Nokia Halves Price of Lumia 900 “Hero Phone”
The Lumia 900, Nokia’s flagship Windows Phone handset and AT&T’s “hero phone,” has had its U.S. price slashed by half, just three months after its release. As of Sunday, the Lumia 900 can be purchased for just $49.99 with a two-year contract through AT&T.
That’s an aggressive price cut for a flagship smartphone, particularly one newly launched. What’s the rationale for it? Nokia insists that the halving of the Lumia 900’s price is simply part of its standard smartphone life cycle. “This move is a normal strategy,” said a company spokesperson. “It allows a broader consumer base to buy this flagship device at a more accessible price.”

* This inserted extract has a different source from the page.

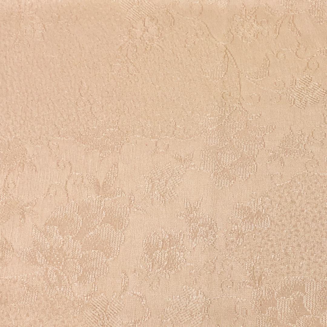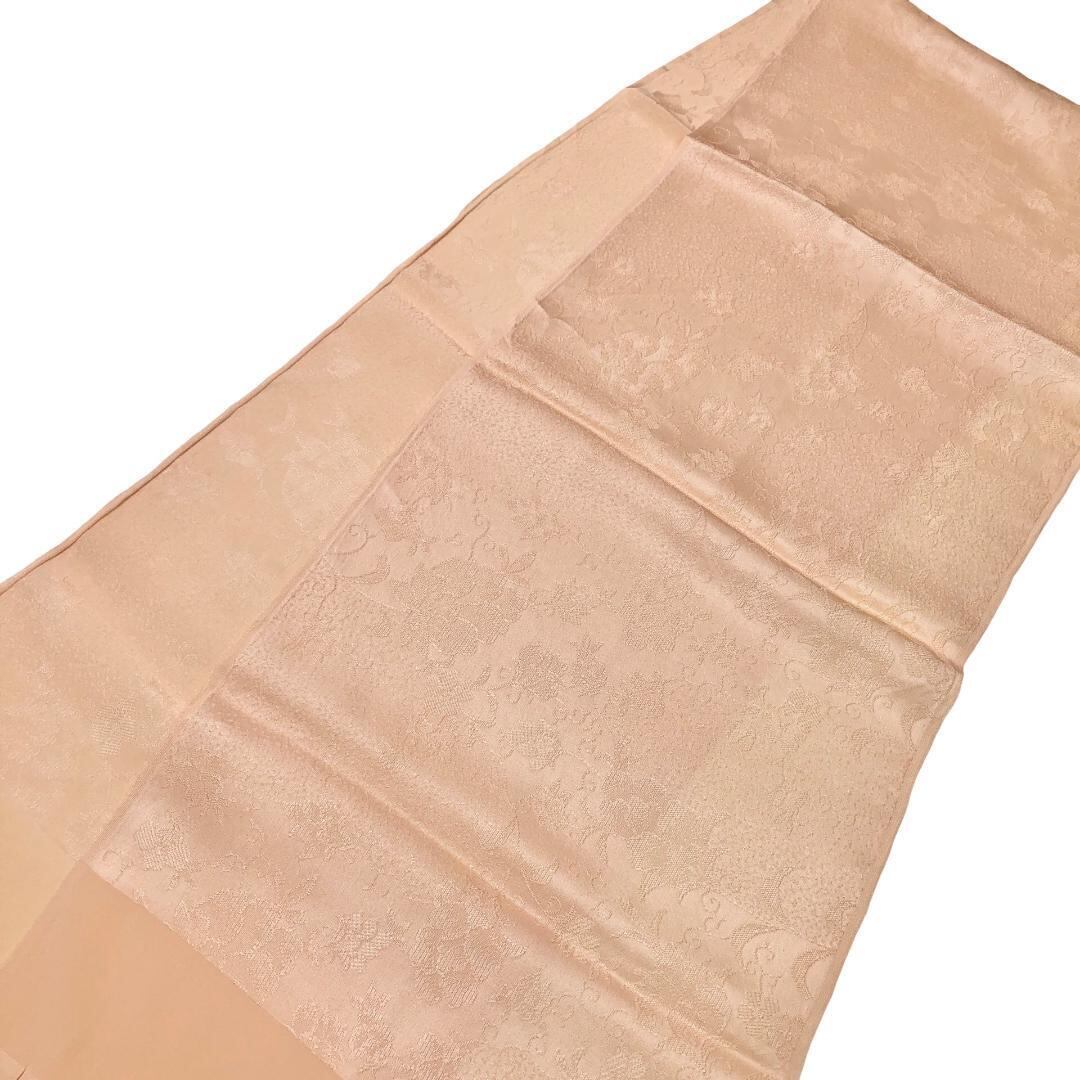 薄柿色のお色味に花唐草模様の柄裄がデザインされた素敵なお品でございます。

Perhaps, but clearly there are other things at work here as well.
Microsoft said last month that while the Lumia 900 is upgradable to Windows Phone 7.8, it does not support the company’s forthcoming Windows Phone 8 operating system, which is expected this fall. In other words, Microsoft has effectively declared the device obsolete. Windows Phone 7 is a solid OS, but the announcement that the Lumia 900 can’t run its successor has almost certainly slowed its sales.

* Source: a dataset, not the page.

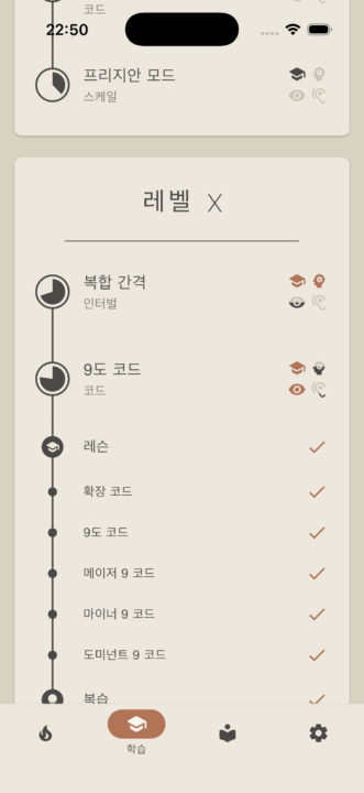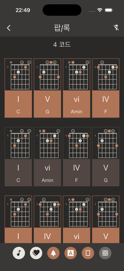 - 코드, 아르페지오, 스케일 등 전체 라이브러리

And those sales weren’t so great to begin with. Though they seemed strong initially, recent analysis suggests sales have slowed significantly. Extrapolating from smartphone market data compiled by comScore and Nielsen last week, Asymco’s Horace Dediu figured that Nokia may have sold fewer than 350,000 Lumia 900s in the U.S. If that’s accurate, Nokia presumably has a sizable inventory of the device that it needs to get rid of while it still can. Halving the Lumia 900’s price is obviously a good way of doing that.
Nokia reports second-quarter earnings on Thursday, following an ugly financial decline that has left its shares trading at a 16-year low.